As he prepares to testify before the Senate Banking Committee on March 23, President Donald J. Trump’s pick to serve as chairman of the Securities and Exchange Commission is facing questions about potential conflicts of interest he may face.

Jay Clayton, currently a partner with the law firm Sullivan & Cromwell, would replace former Chairman Mary Jo White. The upcoming Congressional hearing is a prelude to confirmation by the full Senate.

Clayton, according to the Trump Administration’s nomination announcement, “has had a long and distinguished career advising on public and private mergers and acquisitions transactions, capital markets offerings, regulatory and enforcement proceedings, and other matters.”

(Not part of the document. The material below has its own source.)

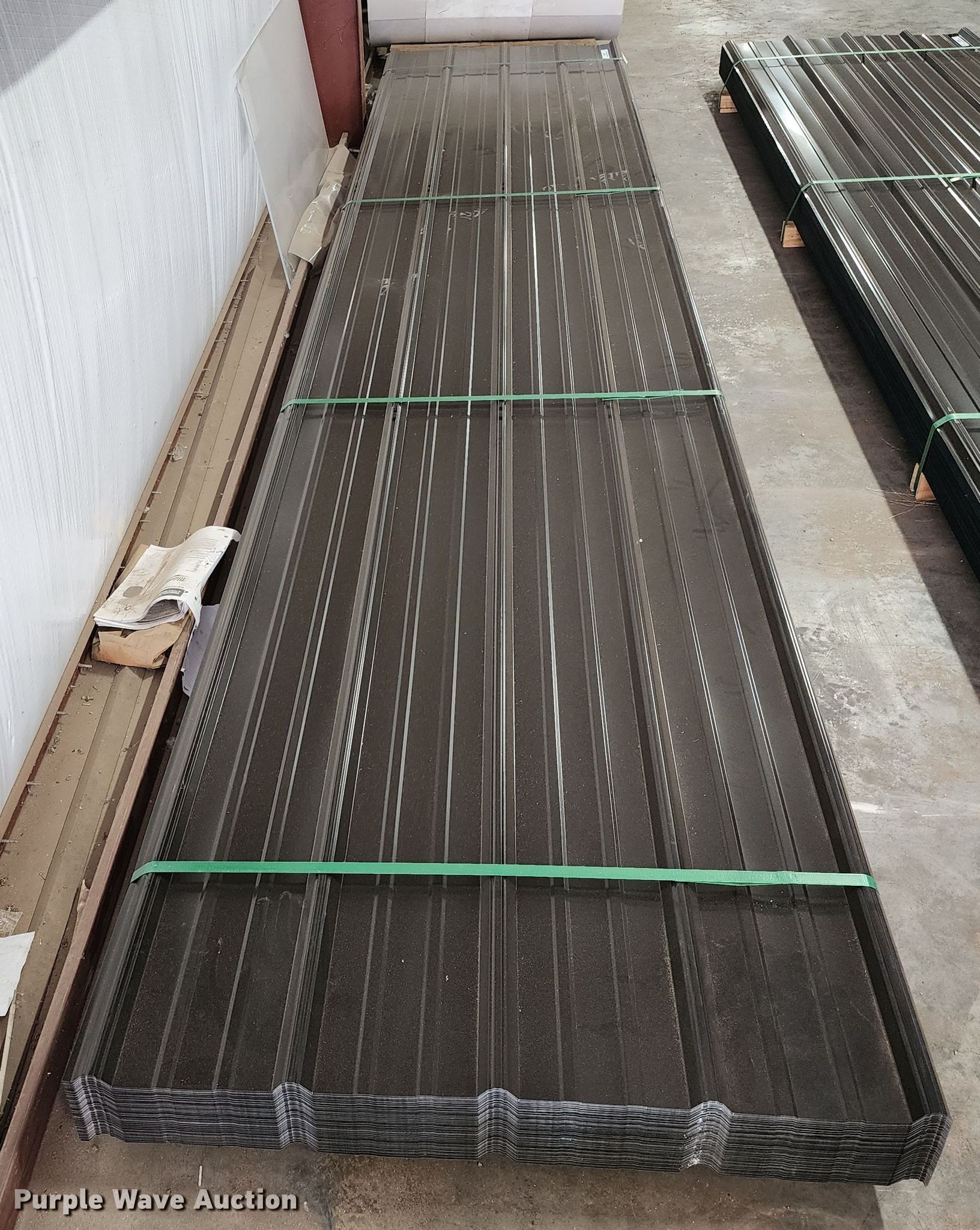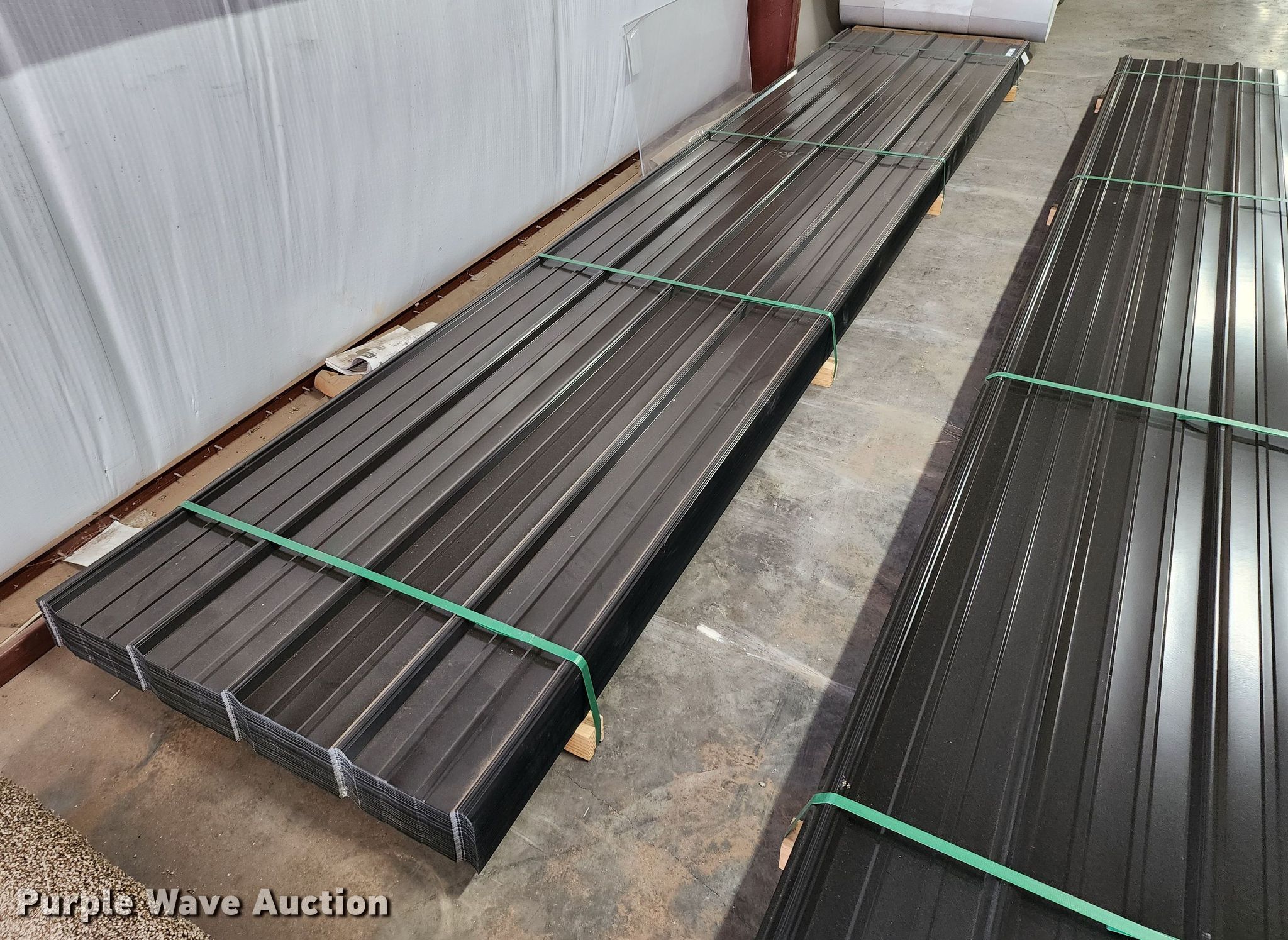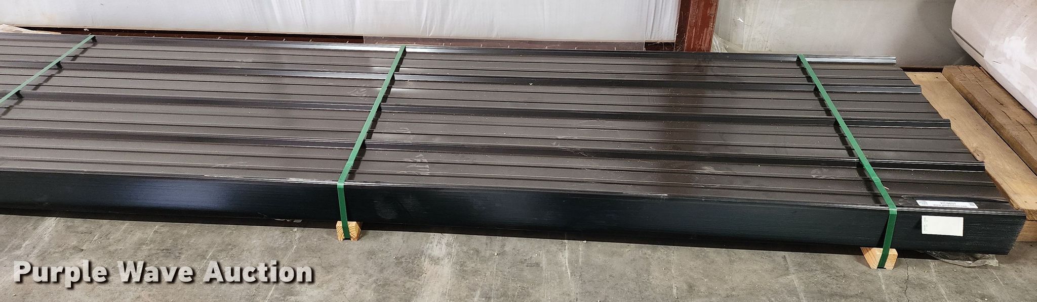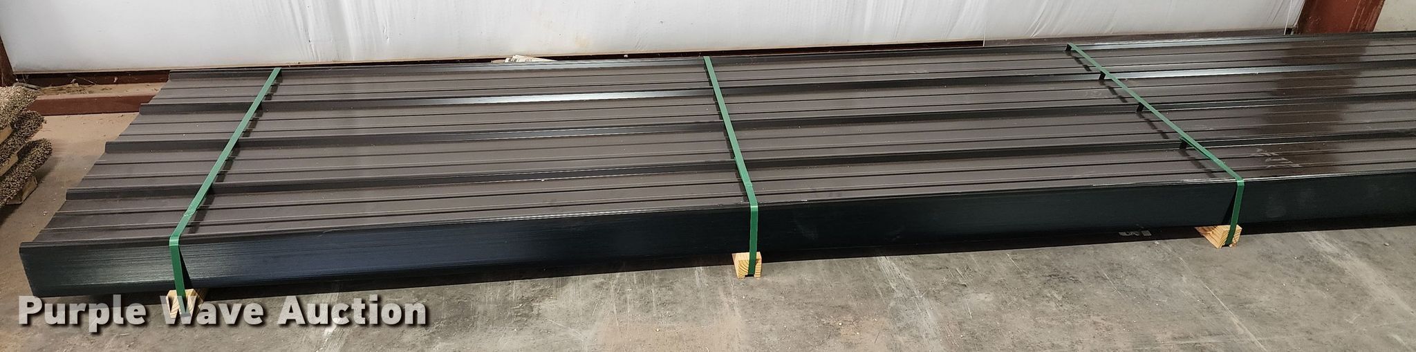 Purple Wave is selling a used Building Materials in Texas. This item is a (170) sheets of Doerkson Metal Components metal siding/roofing with the following: 16' L x 36" W overlap coverage, AG profile, 29 gauge, Color: Black, Possible blemishes

In a financial disclosure recently filed with the Office of Government Ethics, Clayon revealed that he earned $7.6 million this year from his law firm. In the filing, he detailed how he would unwind his relationship with the law firm that currently employs him.

“If confirmed by the Senate, I will resign from the partnership of Sullivan & Cromwell,” Clayton wrote. “Pursuant to the firm's partnership agreement and before I assume the duties of the position of Chairman, I will receive a refund of my capital account and a pro rata partnership share based on the value of my partnership interests for services performed in 2016 and 2017. All payments will be based on and made from the firm's earnings through the date of my withdrawal from the partnership.”

Among those not completely satisfied with the filing and its completeness is Sen. Catherine Cortez Masto (D-Nev.). A member of the Senate Banking Committee she is demanding more information on Clayton’s financial dealings. 

On March 8, she sent a letter to Clayton to detail her concerns about his ability to “effectively serve” as SEC chairman, citing “numerous conflicts of interest and work on behalf of corporations with ties to Russia and Iran.”

“I am concerned that your long career representing companies regulated by the SEC will require you to recuse yourself from a wide variety of SEC enforcement matters, which may, in turn, limit the SEC’s ability to resolve cases in an expeditious manner,” she wrote.

Cortez Masto compared Clayton’s potential conflicts to those of former Sec Chair Mary Jo White. Her tenure, the Senator wrote, “demonstrates how routine recusals can stifle the Commission’s enforcement work.”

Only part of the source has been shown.